Capital expenditures by geographic area were as follows:
Three Months Ended June 30, 2020Three Months Ended June 30, 2019
Capital Expenditures:
United States and Latin America$1,793  $1,162  
Canada233  388  
Europe, Middle East and Africa20  169  
Asia-Pacific13   
 $2,059  $1,726  

Item 2. Management’s Discussion and Analysis of Financial Condition and Results of Operations
Introduction and Special Note Regarding Forward-Looking Statements
Management’s discussion and analysis of our financial condition and results of operations is provided as a supplement to the unaudited interim condensed consolidated financial statements and accompanying notes thereto for the three months ended June 30, 2020 and 2019 to help provide an understanding of our financial condition, changes in our financial condition and results of our operations. In this quarterly report, we refer to the three month periods ended June 30, 2020 and 2019 as “YTD 2021” and “YTD 2020,”, respectively. The following discussion should be read in conjunction with, and is qualified in its entirety by reference to, our unaudited condensed consolidated financial statements and related notes included in Item 1 above.

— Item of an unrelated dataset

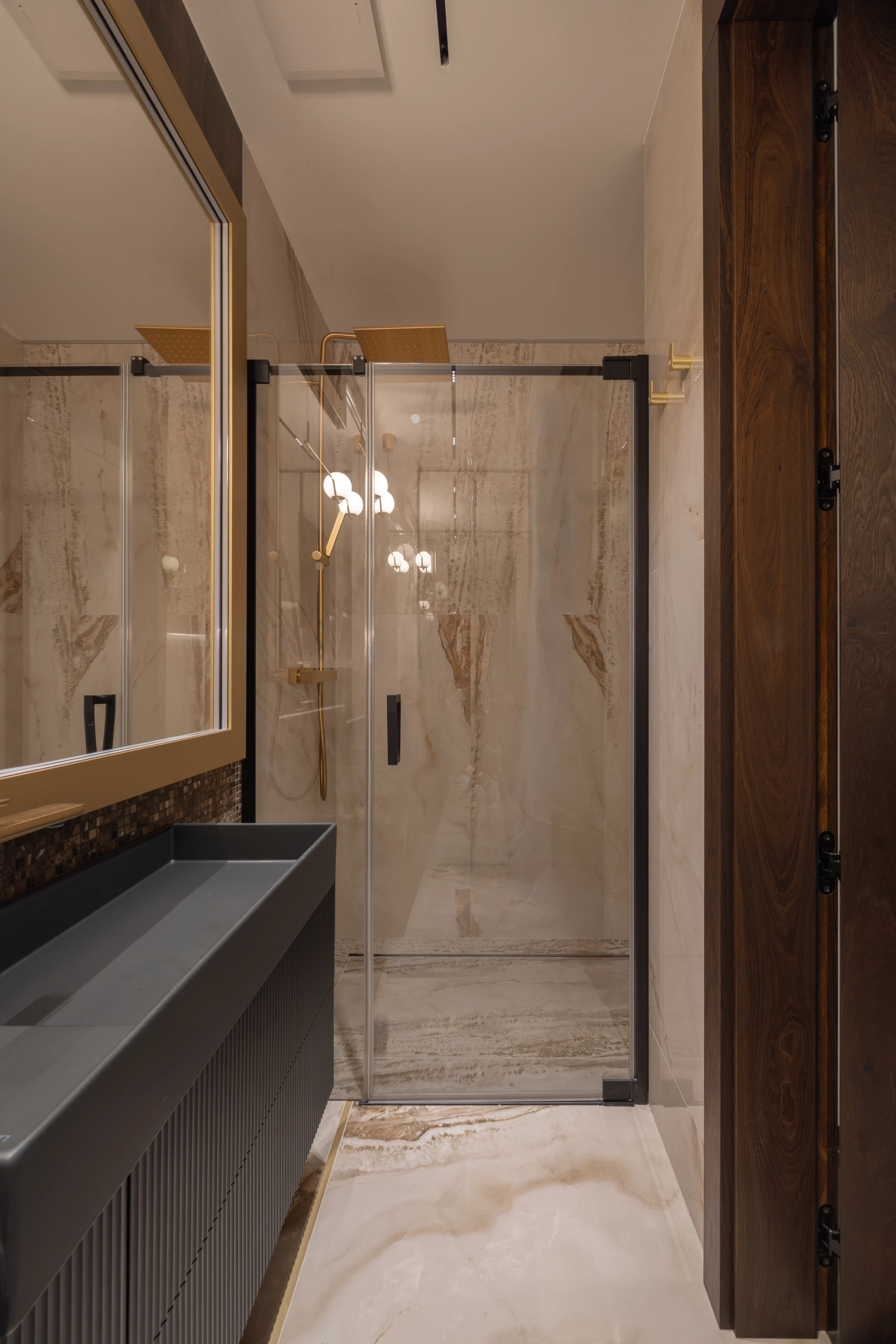 Łazienka została zaprojektowana jako przestrzeń relaksu – dominują w niej jasne płyty inspirowane kamieniem, drewno i ciepłe światło. Geometryczny układ płytek, minimalistyczna armatura i dyskretne oświetlenie podkreślają czystość formy. Wszystko jest przemyślane, ale nie przesadzone – estetyka idzie tu w parze z funkcjonalnością.

This quarterly report includes forward-looking statements within the meaning of the U.S. federal securities laws in addition to historical information. These forward-looking statements are made pursuant to the safe harbor provisions of the Private Securities Litigation Reform Act of 1995. These forward-looking statements include, without limitation, statements regarding our industry, business strategy, plans, goals and expectations concerning our market position, future operations, margins, profitability, capital expenditures, liquidity and capital resources and other financial and operating information. When used in this discussion, the words "anticipate," "assume," "believe," "budget," "continue," "contemplate," "could," "should," "estimate," "expect," "intend," "may," "plan," "possible," "potential," "predict," "project," "will," "would," "future" and similar terms and phrases are intended to identify forward-looking statements in this quarterly report. 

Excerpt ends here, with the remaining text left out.